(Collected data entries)
----

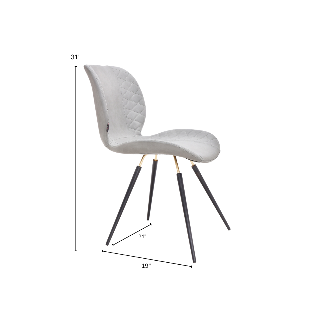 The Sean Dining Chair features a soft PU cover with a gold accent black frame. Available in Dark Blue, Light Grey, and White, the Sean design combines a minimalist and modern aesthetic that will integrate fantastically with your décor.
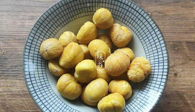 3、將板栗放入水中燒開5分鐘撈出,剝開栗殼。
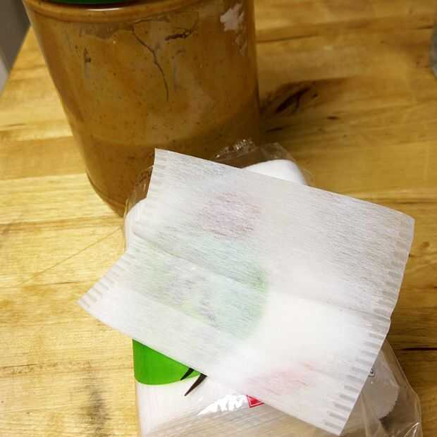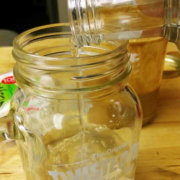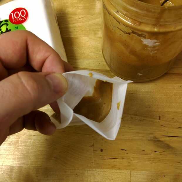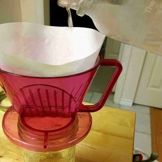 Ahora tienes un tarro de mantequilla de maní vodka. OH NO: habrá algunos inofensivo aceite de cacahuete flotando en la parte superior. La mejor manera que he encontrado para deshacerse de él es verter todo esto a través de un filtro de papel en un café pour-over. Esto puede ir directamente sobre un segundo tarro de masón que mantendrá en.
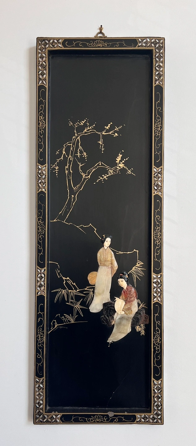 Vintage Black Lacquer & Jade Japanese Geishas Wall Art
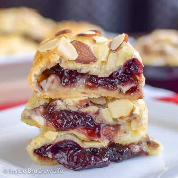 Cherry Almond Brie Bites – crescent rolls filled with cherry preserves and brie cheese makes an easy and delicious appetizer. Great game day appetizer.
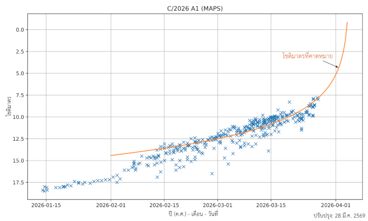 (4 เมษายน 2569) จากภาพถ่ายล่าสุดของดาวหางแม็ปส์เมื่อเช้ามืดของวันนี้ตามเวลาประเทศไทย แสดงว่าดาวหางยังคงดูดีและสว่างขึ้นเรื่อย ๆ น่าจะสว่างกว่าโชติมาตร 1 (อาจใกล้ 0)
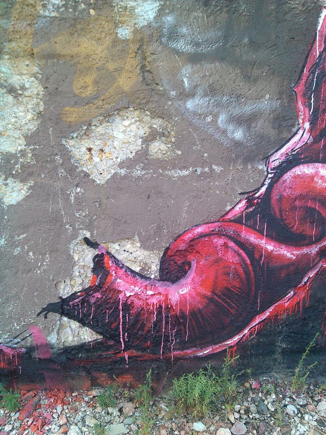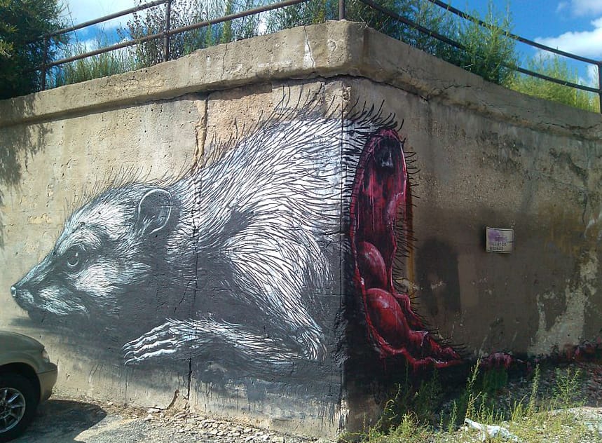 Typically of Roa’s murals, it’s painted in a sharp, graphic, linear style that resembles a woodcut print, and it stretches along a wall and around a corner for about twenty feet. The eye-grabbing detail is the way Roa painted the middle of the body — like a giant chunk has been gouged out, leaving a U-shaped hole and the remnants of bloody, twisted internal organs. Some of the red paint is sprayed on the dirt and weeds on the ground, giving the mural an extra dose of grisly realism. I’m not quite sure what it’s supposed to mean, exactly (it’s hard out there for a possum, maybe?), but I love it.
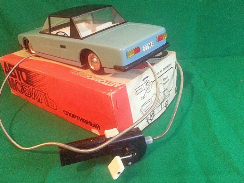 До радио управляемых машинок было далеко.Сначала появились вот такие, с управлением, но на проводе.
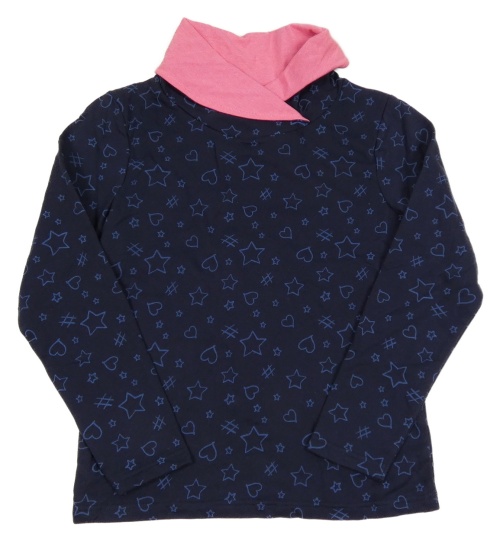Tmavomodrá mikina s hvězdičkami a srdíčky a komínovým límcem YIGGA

----

About this task:
Only the text of the records belongs in your answer, repeated exactly; the pictures stay out.

Problem solution:
 The Sean Dining Chair features a soft PU cover with a gold accent black frame. Available in Dark Blue, Light Grey, and White, the Sean design combines a minimalist and modern aesthetic that will integrate fantastically with your décor.
 3、將板栗放入水中燒開5分鐘撈出,剝開栗殼。
 Ahora tienes un tarro de mantequilla de maní vodka. OH NO: habrá algunos inofensivo aceite de cacahuete flotando en la parte superior. La mejor manera que he encontrado para deshacerse de él es verter todo esto a través de un filtro de papel en un café pour-over. Esto puede ir directamente sobre un segundo tarro de masón que mantendrá en.
 Vintage Black Lacquer & Jade Japanese Geishas Wall Art
 Cherry Almond Brie Bites – crescent rolls filled with cherry preserves and brie cheese makes an easy and delicious appetizer. Great game day appetizer.
 (4 เมษายน 2569) จากภาพถ่ายล่าสุดของดาวหางแม็ปส์เมื่อเช้ามืดของวันนี้ตามเวลาประเทศไทย แสดงว่าดาวหางยังคงดูดีและสว่างขึ้นเรื่อย ๆ น่าจะสว่างกว่าโชติมาตร 1 (อาจใกล้ 0)
 Typically of Roa’s murals, it’s painted in a sharp, graphic, linear style that resembles a woodcut print, and it stretches along a wall and around a corner for about twenty feet. The eye-grabbing detail is the way Roa painted the middle of the body — like a giant chunk has been gouged out, leaving a U-shaped hole and the remnants of bloody, twisted internal organs. Some of the red paint is sprayed on the dirt and weeds on the ground, giving the mural an extra dose of grisly realism. I’m not quite sure what it’s supposed to mean, exactly (it’s hard out there for a possum, maybe?), but I love it.
 До радио управляемых машинок было далеко.Сначала появились вот такие, с управлением, но на проводе.
Tmavomodrá mikina s hvězdičkami a srdíčky a komínovým límcem YIGGA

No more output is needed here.